A proporção de adultos brasileiros que afirmam ter recebido diagnóstico de diabetes mais que dobrou entre 2006 e 2024, passando de 5,5% para 12,9% — um aumento de 135%. No mesmo período, também cresceram os índices de hipertensão, obesidade e excesso de peso, segundo a edição mais recente do Vigitel, levantamento do Ministério da Saúde realizado nas capitais brasileiras e no Distrito Federal.

Os números reforçam o alerta para a importância da prevenção, do diagnóstico e do acompanhamento contínuo de doenças que podem evoluir de maneira silenciosa. Embora parte do crescimento possa estar relacionada à ampliação do acesso ao diagnóstico e ao envelhecimento da população, os dados também evidenciam a necessidade de identificar fatores de risco e adotar cuidados antes do surgimento de complicações.

De acordo com o levantamento, o percentual de adultos que relatam diagnóstico de hipertensão passou de 22,6%, em 2006, para 29,7%, em 2024. A obesidade avançou de 11,8% para 25,7%, enquanto o excesso de peso aumentou de 42,6% para 62,6% no mesmo período.

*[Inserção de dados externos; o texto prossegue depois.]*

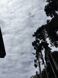 ドローンの操縦:スギの木の遥か上まで飛ばしています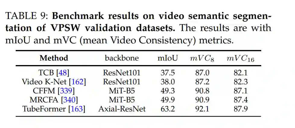 Multi-Dataset分割。多数据集分割的目标是学习不同领域上通用的分割模型。MSeg[297]通过重新标记几个现有的语义分割基准重新定义分类并对齐像素级注释。然后,接下来的工作试图通过各种方法来避免分类冲突。例如,Sentence-Seg[298]用向量值嵌入替换每个类标签。嵌入由语言模型[15]生成。为了进一步处理不灵活的one-hot通用分类法,LMSeg[252]使用可学习标记[268]扩展了这种嵌入,并为每个数据集提出了特定于数据集的增强。它将MaskFormer[154]中的段查询与SS和PS任务的类别嵌入动态对齐。同时,也有一些关于多数据集目标检测[299]、[300]和多数据集全景分割[301]的工作。特别是,Detection-Hub[300]建议根据每个数据集类别的语言嵌入调整对象查询。与之前对所有数据集的共享嵌入不同,它基于公共语言嵌入来学习每个数据集的语义偏差,以避免领域鸿沟。最近,TarVIS[302]为跨越多个基准的不同任务联合预训练一个视频分割模型,其中将Mask2Former扩展到视频领域,并采用统一的图像数据集预训练和视频微调。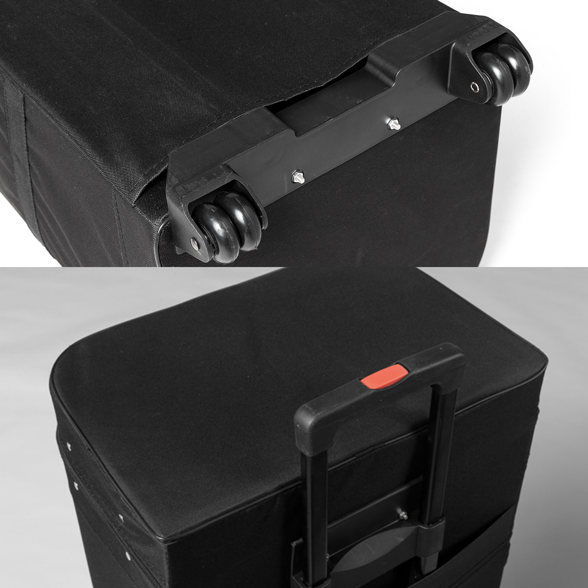 - stabiler Trolley mit ausziehbarem Griff, breiter Radstand und kugelgelagerten Rädern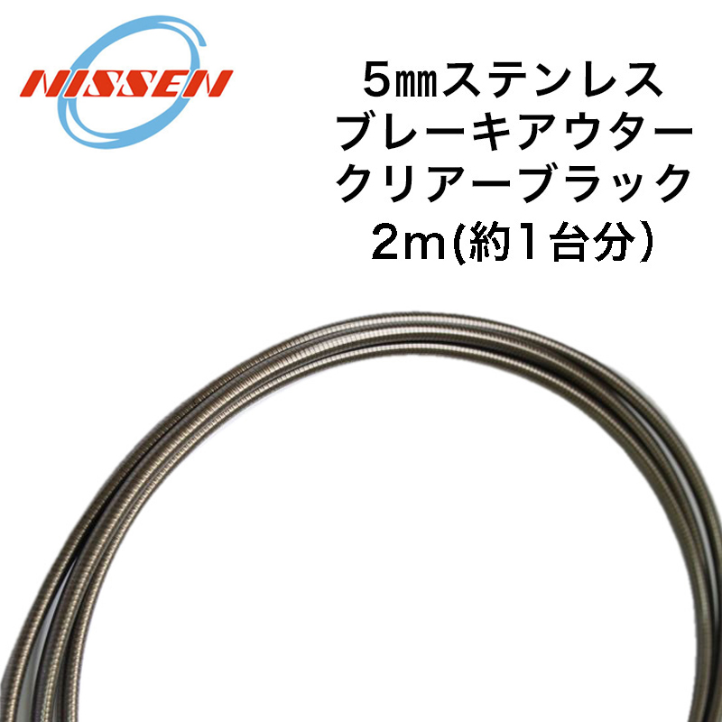 一般的にアウターケーブルのコイル線はスチール製が多いが、このアウターはステンレス製の為、サビに強い。ポリエチレン製のインナーライナーを入れているのでレバーの引きが軽い。ブレーキアウター外径は 5mmとなっており、インナーワイヤーは 1.5mmもしくは 1.6mmが使用可能。●5mmステンレスブレーキアウター●ブレーキ用● 2m(約 1 台分)●ステンレス製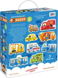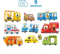 Le set comprend différents véhicules bien connus – ambulance, taxi, camion-poubelle, camion de pompiers, dépanneuse, tramway et autres. Élément unique : les pièces avec personnages peuvent être librement déplacées d’un puzzle à l’autre, permettant de créer de nouvelles histoires et situations.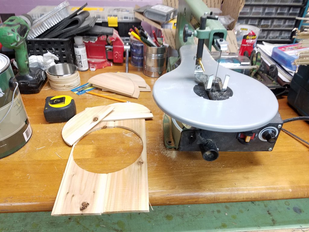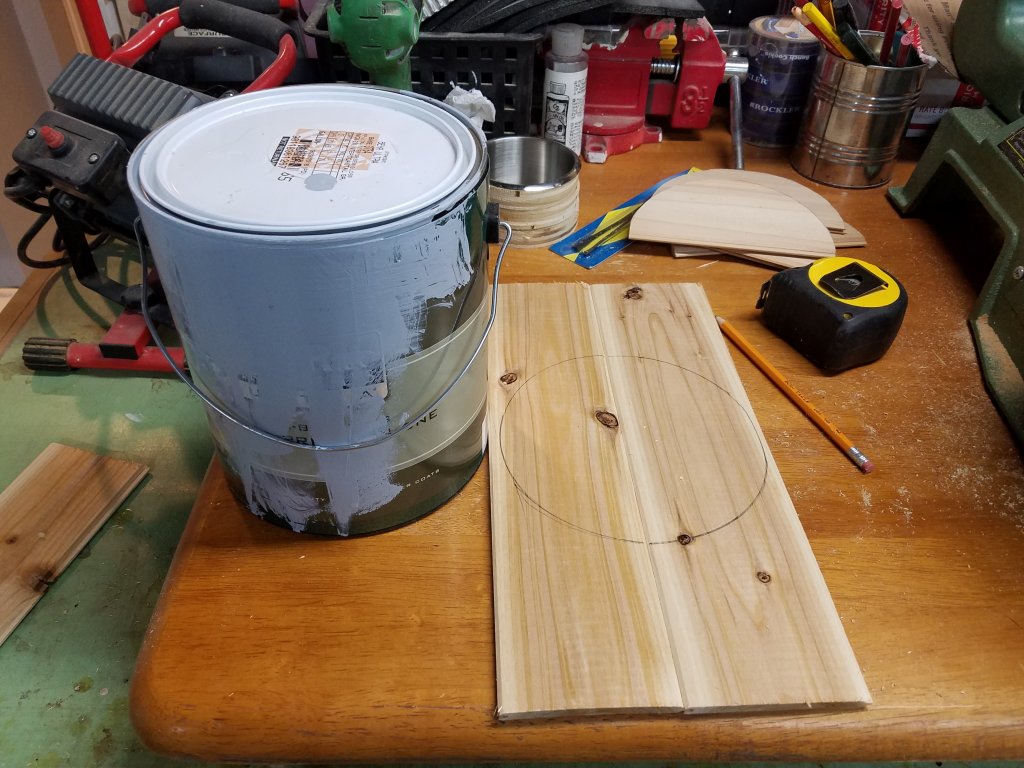 The panels are nice and thin at 1/4", which made cutting around the can lights easy. The bottom of my paint can ended up being the perfect template to trace the cut :) I used my scroll saw for the circular cuts.

O tema ganha destaque em agosto, mês marcado pelo Dia Nacional da Saúde. A data reforça que o cuidado com a saúde não deve se limitar à realização de exames, mas fazer parte da rotina ao longo de todo o ano.

SINTOMAS

A hipertensão é um exemplo de doença que pode permanecer sem sintomas perceptíveis. Quando não diagnosticada e controlada adequadamente, pode aumentar o risco de doenças cardiovasculares, como infarto e acidente vascular cerebral (AVC), além de provocar complicações nos rins.

O diabetes também pode se desenvolver silenciosamente. Entre os possíveis sinais estão sede excessiva, aumento da frequência urinária, perda de peso sem causa aparente e cansaço. No entanto, nem todas as pessoas apresentam sintomas evidentes nas fases iniciais.

PREVENÇÃO

A preocupação com a saúde pode levar muitas pessoas a realizar uma série de exames mesmo sem indicação específica. No entanto, fazer mais exames não significa necessariamente prevenir mais doenças.

A realização de exames preventivos e rastreamentos deve considerar fatores como idade, sexo, histórico familiar e presença de fatores de risco. Procedimentos sem indicação podem identificar alterações sem relevância clínica, gerar ansiedade e desencadear novas investigações ou tratamentos que não seriam necessários.